2.2 Automatic cable layout design
A great deal of cable layout design work is required when fabricating complex
electromechanical products. Human-computer interactive design remains relatively inefficient,
which slows the product development cycle; thus, automatic cable layout design has become
increasingly popular, to automatically derive a cable layout path that meets the electrical
connection requirements, wiring rules, and performance criteria. The path should connect the ends
of cables and meet certain constraints. Research on automatic cable layout design can be divided
into two types. The first type is concerned with automation of the entire process; attempts have
been made to shorten the design process by establishing an empirical knowledge base, and by
analyzing and improving wiring rules. The second type of research in this field is concerned with
automatic path generation via the application of various algorithms.
The first type of research employs parallel processing, optimization algorithms, knowledge
engineering, and other technologies. Conru et al. [22][23] integrated the system proposed by Park
et al. [8] into a complete set of algorithms for 3D automation of cable layout, using parallel
engineering and automated wiring. The wiring scheme is generated automatically and a genetic
algorithm is used to optimize the wiring efficiency. However, most research focuses on wiring
automation; in-depth studies on cable path modeling are lacking. Sung et al. [24] of Heriot-Watt
University exploited current knowledge of, and practical experience with, engineering design
processes to develop an automatic design and modeling method in an immersive virtual
environment. A design task was completed online and the method was validated by designing a
cable. Zhu et al. [25][26] of Delft University of Technology (Delft, Netherlands) applied
knowledge-based engineering (KBE) to the automatic layout of aircraft cables. Discrete
optimization techniques were employed when considering cable length and wiring area constraints.
Optimal cable paths were sought, and the method was verified in a case study of aircraft wiring.
The second type of research uses various path search algorithms to automatically generate
cable routes. Zhu et al. [27] suggested that pipeline laying should be regarded as a path planning
problem involving multiple constraints; they used cell decomposition to obtain 2D and 3D
pipeline layouts. Schafer et al. [28] of the University of Bonn (Bonn, Germany) developed an
integrated cable layout method in 3D space. Their aim was to increase packing density while also
satisfying space constraints, where the method that they designed deals principally with
orthogonal layouts. Liu and Zhou of Guilin University of Electronic Technology (Guangxi, China)

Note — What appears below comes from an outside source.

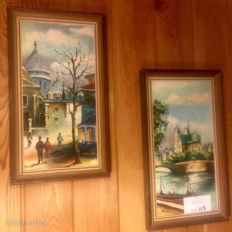 Two art pieces framed acrylic on canvas. Signed "Mario".

[29] investigated 3D cable wiring in an electronic machine. Using the A* algorithm and dynamic
programming, an electronic, whole-machine routing path search method was developed. First, the
wiring space was pre-processed based on certain rules. The principal wiring path was then planned.

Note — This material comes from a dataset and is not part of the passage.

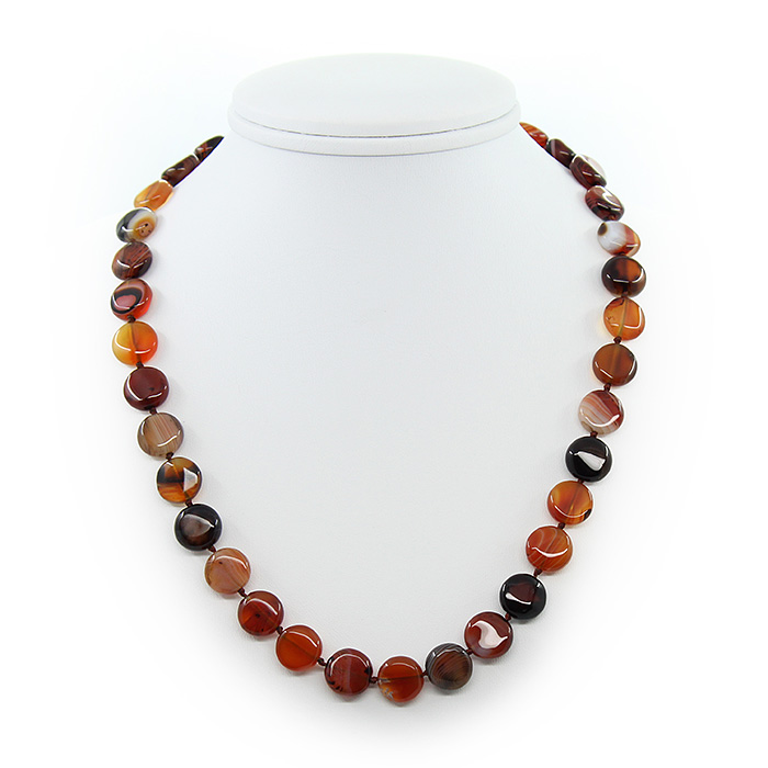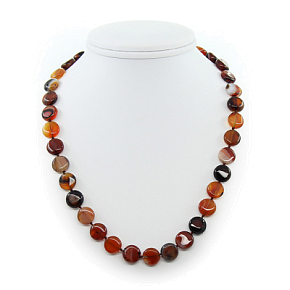 Бусы агат коричневый бразильский, плоские круглые 12мм, короткие 46см

Next, the optimal route between the interface and the main road was derived; the feasibility of the
cable route search area was determined by reference to a collision detection factor. The routing
algorithm first pre-processed the layout when searching for a path, and then obtained paths using
different search strategies. Sampling-based robotic motion planning algorithms are being
gradually applied to path-searching problems. Kabul et al. [30] of the University of North Carolina
(Chapel Hill, NC, USA) proposed a path-planning algorithm for cable layout in a complex
environment. First, a path map of the environment was generated using a variant of the PRM
algorithm, and constraint-based sampling was then performed in the contact space. The path was
modified using adaptive forward dynamics; both geometric and physical property constraints were
considered. Their algorithm is the first to simultaneously consider path planning and the physical
properties of cables, and shows good computational efficiency (Fig. 3). Liu et al. [31][32] of the
Beijing Institute of Technology used an improved motion planning algorithm to study the
automatic layout design of single- and multi-branch cables. They rapidly obtained a cable wiring
path satisfying certain constraints after improving the rapidly exploring random trees (RRT) and
probabilistic roadmap algorithm (PRM) algorithms. Liu et al. [33] of the Beijing Institute of
Technology developed an automatic cable layout method based on the "Anytime" RRT
algorithm. A magnetic attraction algorithm detecting obstacles was developed to deal with
cable adherence constraints, improving the efficiency and quality of automatic cable layout
(Fig. 4).
Several path-search algorithms have been used to facilitate (automatic) cable layout
design and many interesting results have been reported. However, automatic cable layout
path algorithms have not been extensively researched, and are seldom used in real-world
engineering environments because of the many calculations required.
Fig. 3. The automatic wiring method of Kabul et al.
Fig. 4. The automatic cable layout system of Liu et al.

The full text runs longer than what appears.